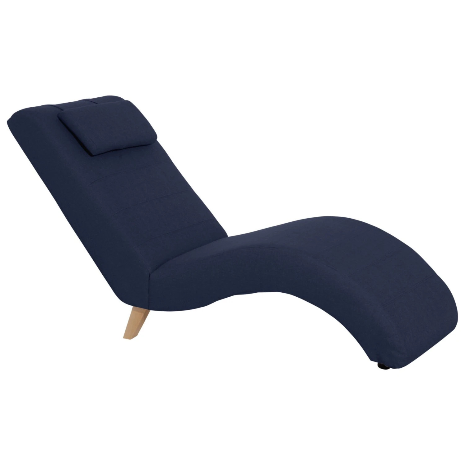 Diese außergewöhnliche Liege ist durch ihre ergonomische Form bestens für entspannende Stunden geeignet. Sie ist mit atmungsaktivem Polyätherschaum gepolstert, der dank seiner Punktelastizität Komfort verspricht. Der Bezug ist in Leinenoptik gehalten, so dass das Dunkelblau leicht meliert wirkt und die Liege sich sehr gut in Ihren Raum einfügt. Gestell und Füße sind aus massiver Buche gefertigt und runden das Design stimmig ab.
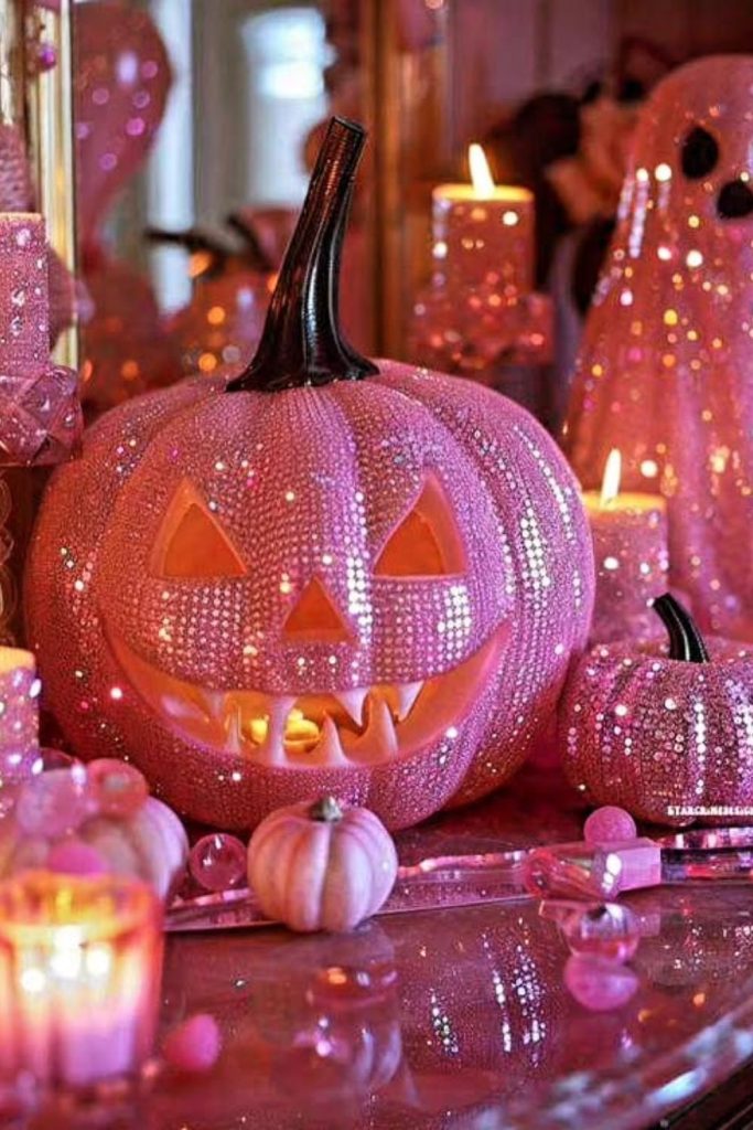 1. Blush Pink Pumpkin Glow for Cozy Halloween Vibes
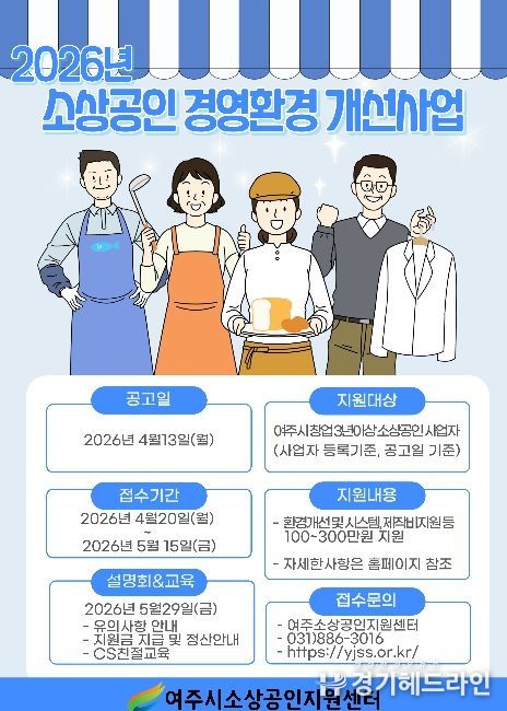 [경기헤드라인=정현수 기자] 여주시소상공인지원센터는 여주시 소상공인의 경영환경 개선과 사업 경쟁력 강화를 위해 '2026년 소상공인 경영환경 개선사업'을 추진한다고 밝혔다.
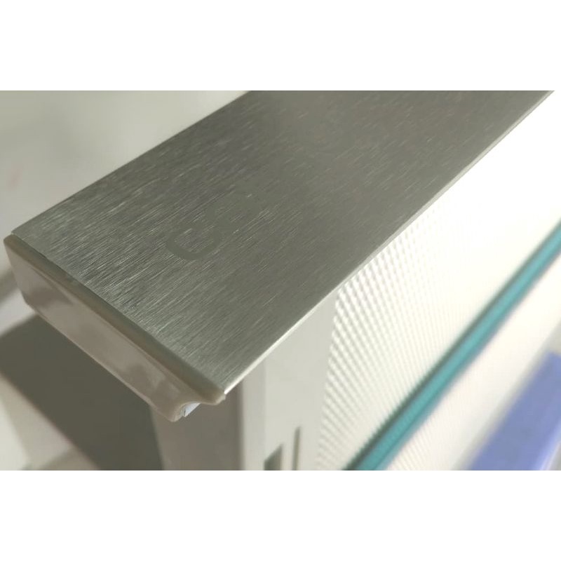 Phần inox phía trước được sử dụng hợp kim nhôm cho khả năng chống bám vân tay rất tốt. Dù bạn có di tay nhiều lần thì vẫn không nhìn thấy vết bẩn trên bề mặt. Dạng hợp kim này làm phay xước theo một chiều phù hợp với hầu hết các màu tủ bếp khác nhau.
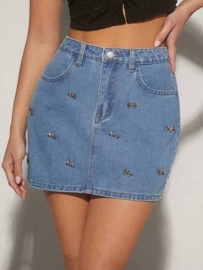 Women's Rhinestone Decor Denim Shorts-25%
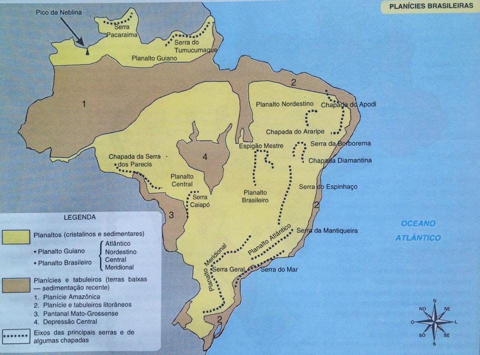 Descreva a formação do relevo brasileiro, considerando a atuação dos
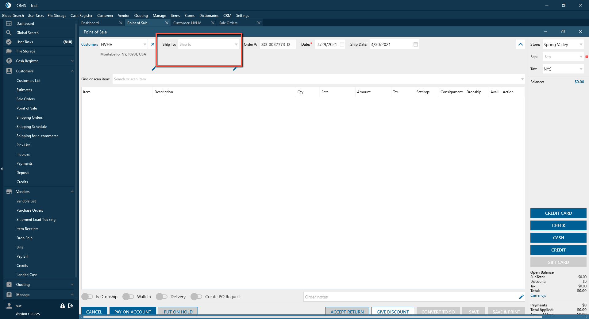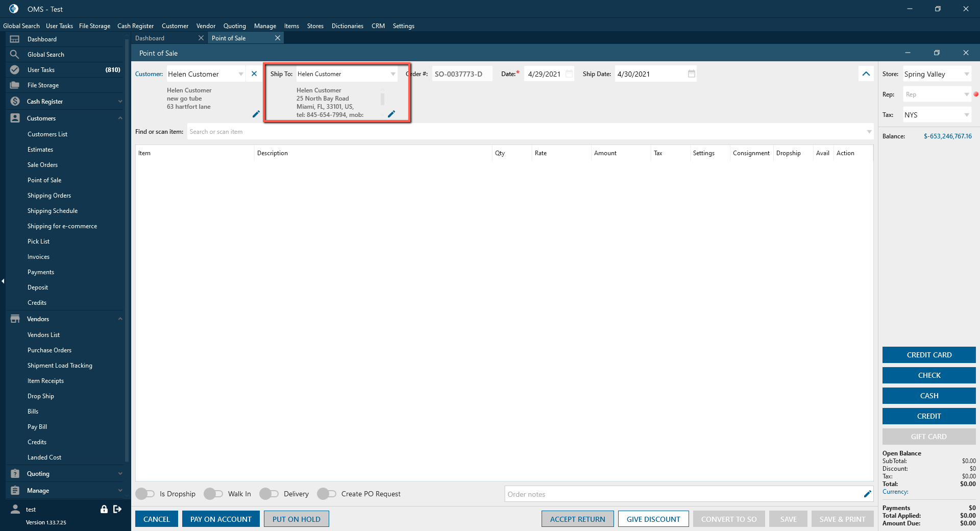 On the POS screen Ship To address is pulled correctly if Customer doesn’t have shipping addresses.
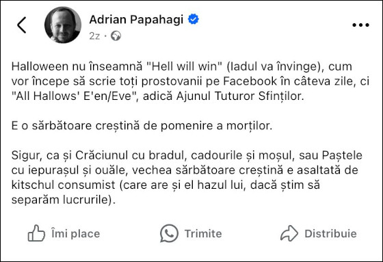 Într-o postare pe facebook, Papahagi i-a numit „prostovani” pe cei care cred că așa-zisa sărbătoare ar avea legături cu demonismul și a comparat monștrii de Halloween cu ouăle roșii de Paști.
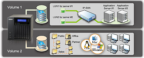 对中小企业而言,针对现在使用中的服务器能够拥有一个理想的高性能及存储空间扩充解决方案是必要的。然而,目前市面上大部分相关产品,不是不够有效率的应 用 (如:DAS,Direct Attached Storage) 就是所费不赀及过于复杂 (如:Fiber Channel SAN)。威连通的SS-839 Pro 能够同时支持NAS及iSCSI 装置,提供建置IP-SAN一个低成本及有效率的解决方案。服务器管理员能够使用内建的iSCSI 装置服务建立大量八组装置。不同的iSCSI逻辑单元数(LUNs: Logical Unit Number) 能够做为现有存储空间的扩充或是现存应用服务器 (如:数据库服务器、电子邮件服务器)的备份位置。
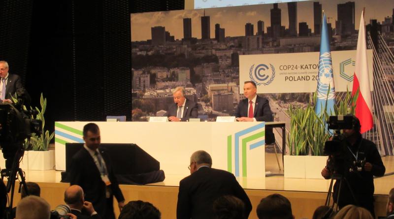 Στην συνέντευξη τύπου που ακολούθησε την επίσημη έναρξη του COP24, συμμετείχαν μόνο ο γ.γ. των Η.Ε. Αντόνιο Γκουτιέρες και ο Πρόεδρος της Πολωνίας κ. Ντούντα.
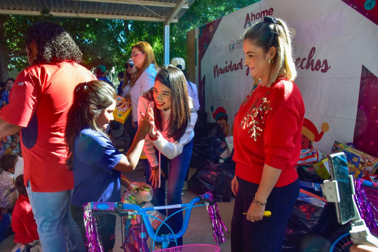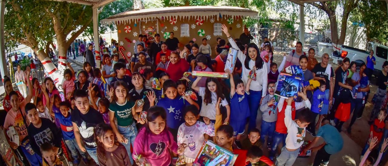 Los Almacenes, Ahome, Sinaloa. – Gracias a donativos de ciudadanos comprometidos con el servicio comunitario, alrededor de 270 niños y niñas de las comunidades de Los Almacenes, Campo 35, Campo 1, La Arrocera y otras ubicadas en el Lateral 18 de Los Mochis, tuvieron Posada Navideña y recibieron regalos personalizados de un grupo ciudadano empresarial que pidió omitir sus datos, pero que dijo seguirá contribuyendo con la comunidad a través de las dependencias del Ayuntamiento de Ahome, con este tipo de actividades, para el bienestar de las familias en situación vulnerable.
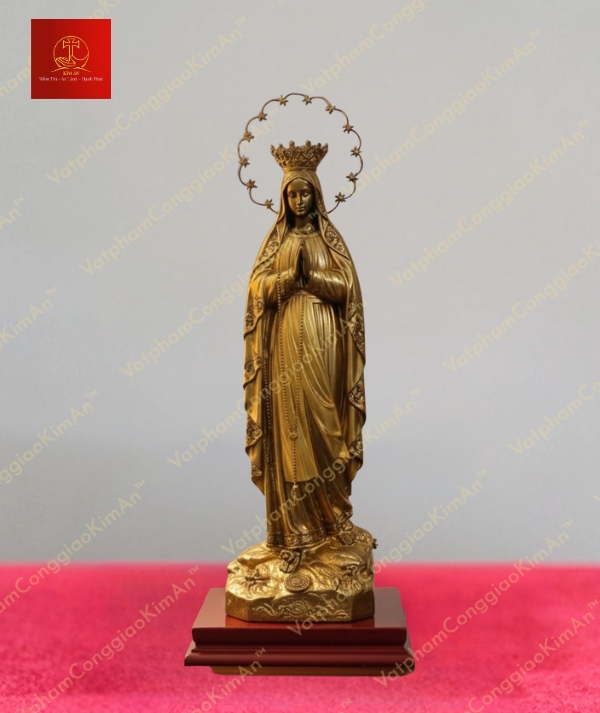 Tượng Mẹ Lộ Đức đội vương miện 12 vì tinh tú phát sáng chất liệu đồng cao 30cm không chỉ là một vật phẩm tâm linh mà còn là biểu tượng của niềm tin và sự bình an cho gia đình bạn. Với thiết kế tinh tế, chất liệu cao cấp và giá trị ý nghĩa sâu sắc, đây là lựa chọn hoàn hảo để tôn vinh Đức Mẹ trong không gian thờ cúng. Hãy nhanh tay sở hữu sản phẩm này từ Vật Phẩm Công Giáo Kim Ân để mang về một tác phẩm nghệ thuật tâm linh đầy ý nghĩa, đồng hành cùng bạn trên hành trình đức tin.
····················
> _Required work_
Look above for the line with "Women's Rhinestone Decor Denim Shorts-25%" and copy exactly from it through the line with "Într-o postare pe", both included. Omit the pictures.

> _Result for this task_
 Women's Rhinestone Decor Denim Shorts-25%
 Descreva a formação do relevo brasileiro, considerando a atuação dos
 On the POS screen Ship To address is pulled correctly if Customer doesn’t have shipping addresses.
 Într-o postare pe facebook, Papahagi i-a numit „prostovani” pe cei care cred că așa-zisa sărbătoare ar avea legături cu demonismul și a comparat monștrii de Halloween cu ouăle roșii de Paști.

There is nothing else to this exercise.